(Data in this exercise Opens)

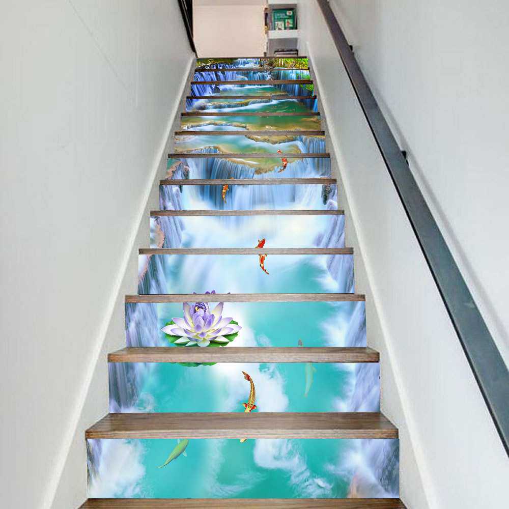 📚 热销款莲花瀑布自然风景楼梯装饰墙贴自粘可移除防水PVC装饰壁画
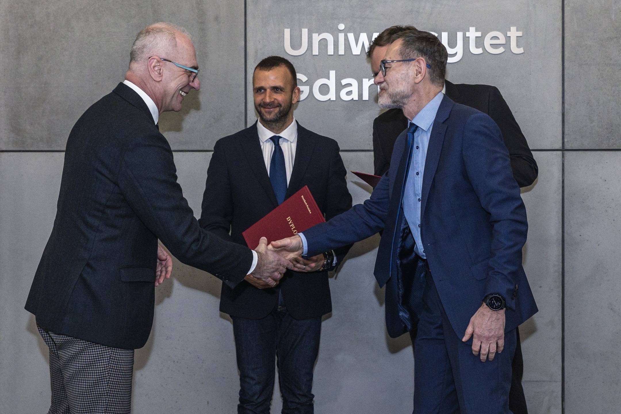 25 marca odbyło się spotkanie, podczas którego dr Tomasz Nowicki odebrał główną nagrodę w kategorii prac doktorskich w konkursie zorganizowanym przez StatSoft Polska Sp. z o.o. W spotkaniu udział wzięli również Prorektor ds. Studentów i Jakości Kształcenia dr hab. Arnold Kłonczyński, prof. UG, Prodziekan ds. Nauki Wydziału Zarządzania i promotor nagrodzonej pracy dr hab. Paweł Antonowicz, prof. UG oraz Dyrektor ds. Dydaktyki i Współpracy Naukowej StatSoft Polska Sp. z o.o. Janusz Wątroba.
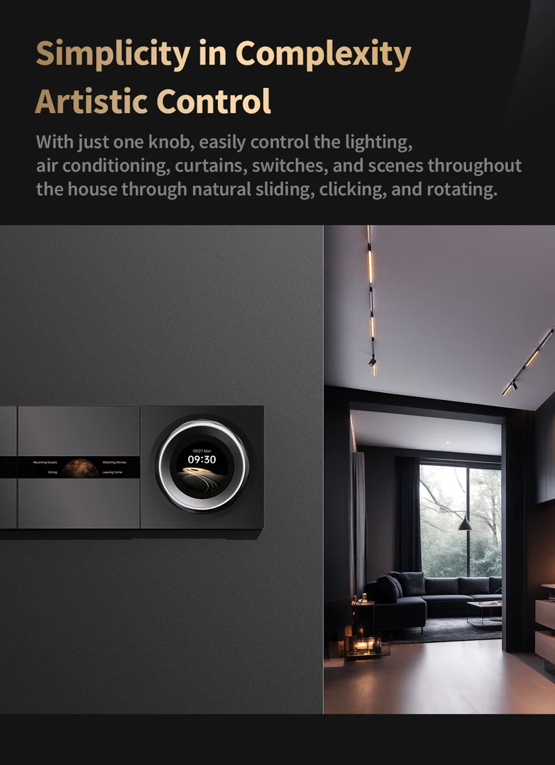 Crafted with a matte AG glass finish, sandblasted surface, and CNC precision engraving, the Aqara Touchscreen Dial V1 is built to blend into modern interiors. Its compact form and premium materials make it more than just a switch—it’s a design upgrade for your wall.
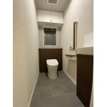 当初はなるべく抑えた工事内容でお考えでしたが、折角なのでと、手洗い器の交換から、内装も含めてリフォームさせて頂き、ダルブラウンのキャビネットで統一された、落ち着いたトイレ空間へ作り上げました。
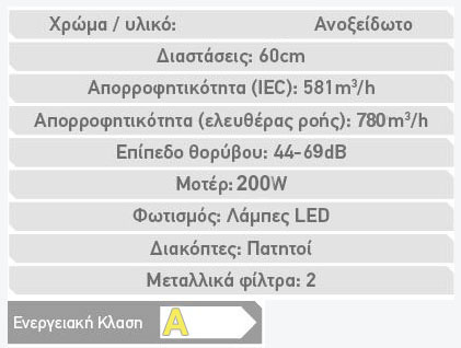 Απορροφητήρας Homer Συρόμενος Turbo 60cm INOX - HUV.780
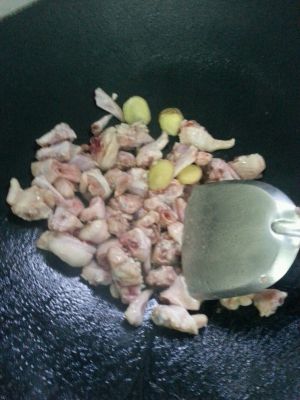 倒入半勺盐,矿泉水一瓶盖多的酱油。翻吵!
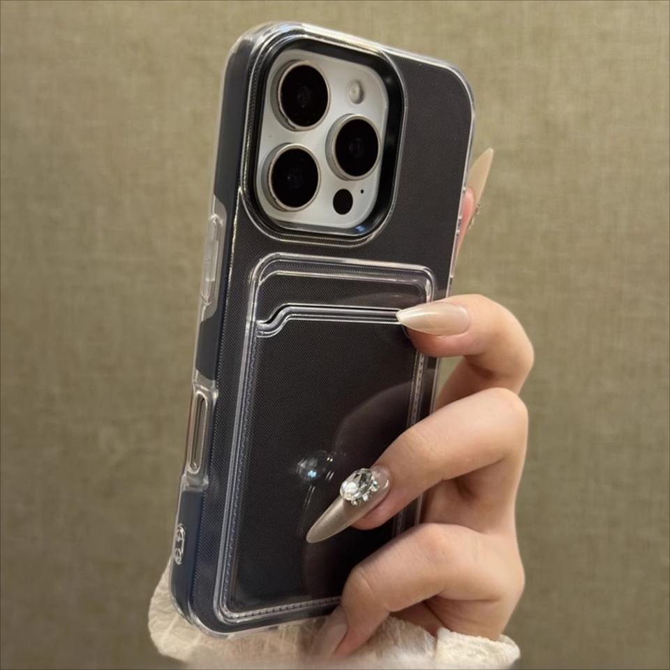 Étui de téléphone transparent deux-en-un avec porte-cartes pour iPhone 16 Pro Max et 14/17, design rigide antichute et emplacement pour cartes
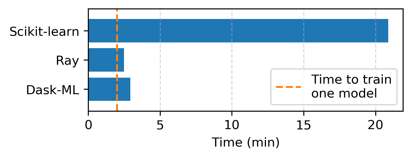 Clearly, Ray and Dask-ML offer similar performance for 8 workers when compared with Scikit-Learn. To Ray’s credit, their implementation is ~15% faster than Dask-ML’s with 8 workers. We suspect that this performance boost comes from the fact that Ray implements an asynchronous variant of Hyperband. We should investigate this difference between Dask and Ray, and how each balances the tradeoffs, number FLOPs vs. time-to-solution. This will vary with the number of workers: the asynchronous variant of Hyperband provides no benefit if used with a single worker.

(Data in this exercise Closes)

[About this exercise]
An exact copy is needed of every line from the line containing "Απορροφητήρας Homer Συρόμενος" to the last line of the records; pictures stay out of it.

[Answer section]
 Απορροφητήρας Homer Συρόμενος Turbo 60cm INOX - HUV.780
 倒入半勺盐,矿泉水一瓶盖多的酱油。翻吵!
 Étui de téléphone transparent deux-en-un avec porte-cartes pour iPhone 16 Pro Max et 14/17, design rigide antichute et emplacement pour cartes
 Clearly, Ray and Dask-ML offer similar performance for 8 workers when compared with Scikit-Learn. To Ray’s credit, their implementation is ~15% faster than Dask-ML’s with 8 workers. We suspect that this performance boost comes from the fact that Ray implements an asynchronous variant of Hyperband. We should investigate this difference between Dask and Ray, and how each balances the tradeoffs, number FLOPs vs. time-to-solution. This will vary with the number of workers: the asynchronous variant of Hyperband provides no benefit if used with a single worker.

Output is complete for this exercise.